# How can I fix the rotten T-111 above shingles and under gutter?



## Mark Patterson (Dec 22, 2013)

I have rotten T-111 siding over the roof (see picture) and under a gutter. I don't want to replace two entire sheets of T-111; that would be really expensive. Any ideas on how to repair?
Thanks.


----------



## Tom Struble (Dec 29, 2008)

There are 2 separate issues there,the first and most important is the lack of a ''kick out'' diverter right where the roof starts.It's vital that water that the step flashing is diverting exits before it gets behind the wall below

Along the roof line a composite board or pvc can be installed,after cutting and flashing,I would make it removable to make roof work easier in the future.


----------



## Mark Patterson (Dec 22, 2013)

*I don't think there's water in the wall.*

I'm trying to prevent water from getting into the wall. Are you suggesting that I put some trim on top of the siding above the roof? Also, what can I do about the rotten T-111 under the gutter.

Thanks for responding.

Mark


----------



## kwikfishron (Mar 11, 2010)

What Tom is saying is to cut out all of the rot up the roof line, say for example 6 1/2" and then replace that siding with a trim board.
The roof to wall flashing should look like this. 










When your done it will look similar to this.

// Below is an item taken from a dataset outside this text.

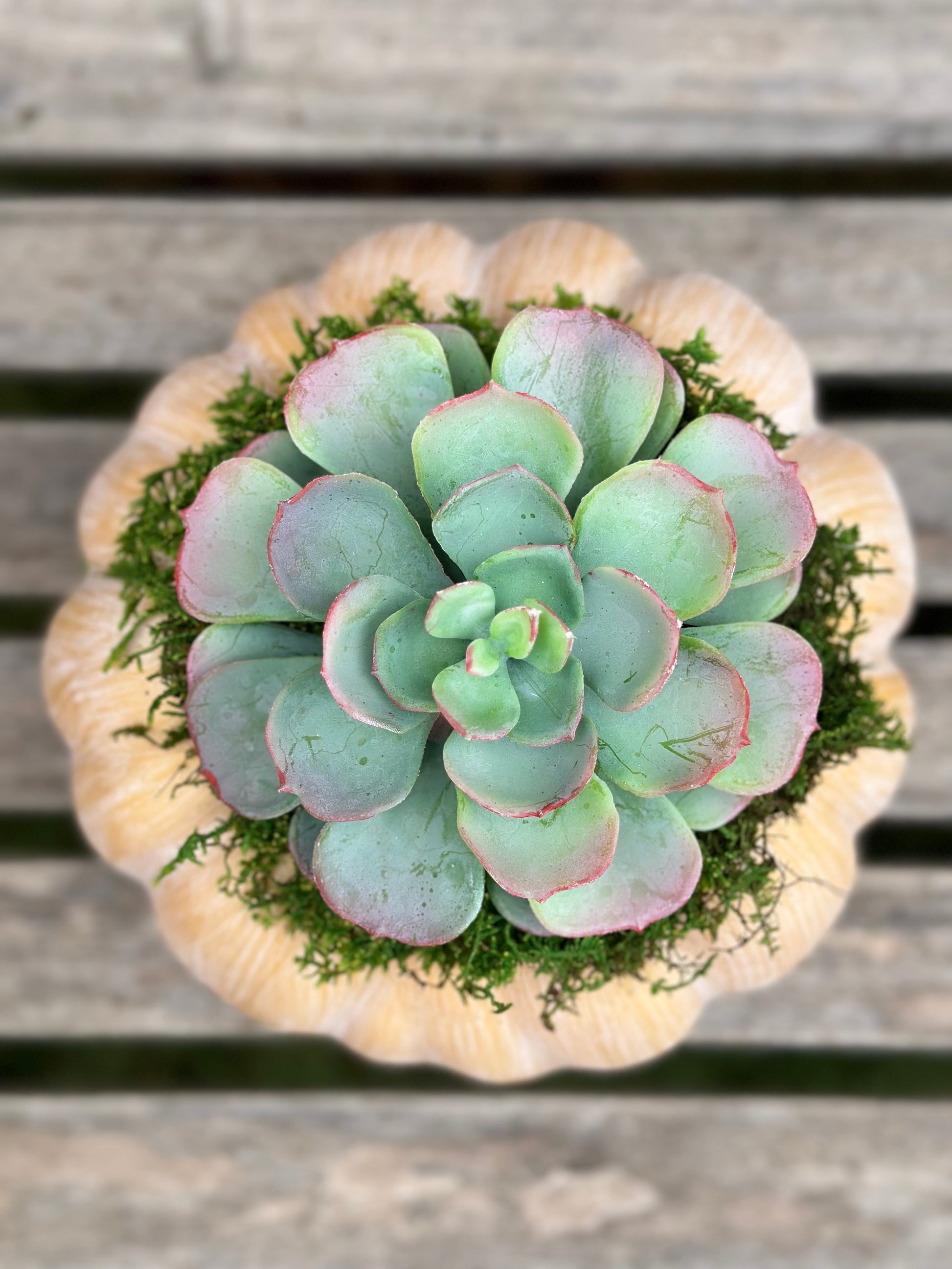 One small light orange faux fairytale pumpkin planted by hand with one large faux succulent.

Also notice how the siding/trim is held up off of the roof and you can see the flashing. This is an important detail so the water can shed properly.


----------



## joecaption (Nov 30, 2011)

Also that gutter never should have been installed tight to the wall like that.
That's a sure way to trap water and rot out the wall.


----------



## Gary in WA (Mar 11, 2009)

I'd add another flashing over the new board, holding the T1 up 1/4-5/8" above that for water/drainage, not caulk the joint as pictured. I think you would be trapping the moisture behind the siding, forcing it to wet the house wrap and eventually leak there. APA recommends sealing the newly cut end grain or a compatible waterproof coating if staining.

Gary


----------



## joecaption (Nov 30, 2011)

Like this.

http://www.plasticomponents.com/products.asp?CatId=7&SubCatId=104


----------



## Gymschu (Dec 12, 2010)

T111 expensive? Actually it's about the least expensive siding product on the market.


----------



## Gary in WA (Mar 11, 2009)

More like this, Joe; http://www.homedepot.com/p/Construc...n-x-2-In-x-10-Ft-Galvanized-SZB34G/202221083#

Gary


----------



## Mark Patterson (Dec 22, 2013)

*I don't tryst anyone to replace both sheets of T111.*

To replace both sheets of T111, someone would have to remove the window frames (if they come off) and take off the trim boards and then cut both new pieces exactly right, then somehow slide them into place so they dovetail with the other sheets. I don't even know if that's possible.


----------



## Gary in WA (Mar 11, 2009)

Mark, the answers are for just cutting enough siding off the bottom of the sheets where it meets the roof- to add some trim board with a gap under it and a small gap over the trim to the existing (but now shorter in length) siding. Pull the 1x2 (horiz. trim covering z-metal flashing), add wood plates on the roof to set saw depth and height required- do not remove the step flashing in the roofing courses, add the top flashing starting at the top of roof to lap each flash piece 6" for water prevention, add the new trim board after using sticky window flash behind board first- bottom edge flush with bottom of board.

Gary
PS. I have replaced many sheets after house/apts. were sided, only problem is texture/groove/thickness match.


----------



## Mark Patterson (Dec 22, 2013)

*Since the wood over and under the gutter is probably rotten...*

Maybe I should have both sheets of T-111 replaced. Is that practical, or would the average contractor have a hard time doing it right (making sure everything was waterproof and the vertical cuts matched, etc.)?


----------



## Fix'n it (Mar 12, 2012)

Mark Patterson said:


> Maybe I should have both sheets of T-111 replaced.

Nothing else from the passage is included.